By the time of the data cutoff, the median duration of isatuximab exposure for patients enrolled in the IMAGE trial was 38.7 (range, 14.0-65.4) weeks. The overall response rate was lowest in the IMAGE study at 46.3% vs 63% in the ICARIA-MM trial and 66.4% in the UK-wide, real-world study. Further, very good partial responses and partial responses were comparable between IMAGE and the UK study (27.9% vs 31.8% and 41.5% vs 34.6%).
The median overall survival was also not reached in the IMAGE study (95% CI, 18.9-NR) while it was 18.8 months (95% CI, 14.4-NR) in the UK-wide, real-world study, and 24.6% (95% CI, 20.3-31.3) in ICARIA-MM.
Among the patients receiving subsequent therapy, 18.2% were given carfilzomib/dexamethasone while 12.1% were given belantamab mafodotin. This median PFS was 5.8 (range, 4.2-7.1 months).
A total of 73 (24.8%) patients permanently discontinued isatuximab, most commonly due to disease progression. Additionally, 33 patients (11.2%) received granulocyte-colony stimulating factor during 100% of their treatment cycles while 61 (20.7%) received it during 50% to less than 100% of cycles, and 200 patients received it during less than 50% of cycles.
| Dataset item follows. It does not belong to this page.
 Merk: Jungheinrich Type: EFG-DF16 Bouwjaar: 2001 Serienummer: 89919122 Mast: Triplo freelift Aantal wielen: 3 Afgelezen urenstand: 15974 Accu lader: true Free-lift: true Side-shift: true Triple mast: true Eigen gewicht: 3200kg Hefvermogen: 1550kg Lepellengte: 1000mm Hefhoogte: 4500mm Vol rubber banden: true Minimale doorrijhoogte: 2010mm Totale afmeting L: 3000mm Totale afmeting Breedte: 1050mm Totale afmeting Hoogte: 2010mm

There was at least 1 adverse event (AE) reported in the 79 patients (26.4%) with the most common AE being neutropenia, found in 28 patients (9.4%). Additionally, AEs led to permanent isatuximab discontinuation in 4 patients (1.3%).
There were not any patients who experienced viral re-infection during treatment with isatuximab and 1 patient (0.3%) developed a secondary primary malignancy.
Overall, the real-world data showed isatuximab, pomalidomide, and dexamethasone to demonstrate meaningful PFS and show a manageable safety profile. Though there were slight differences in study populations between the IMAGE trial and the ICARIA-MM trial, the similar median PFS results support use of the combination as a standard of care for patients with relapsed/refractory multiple myeloma.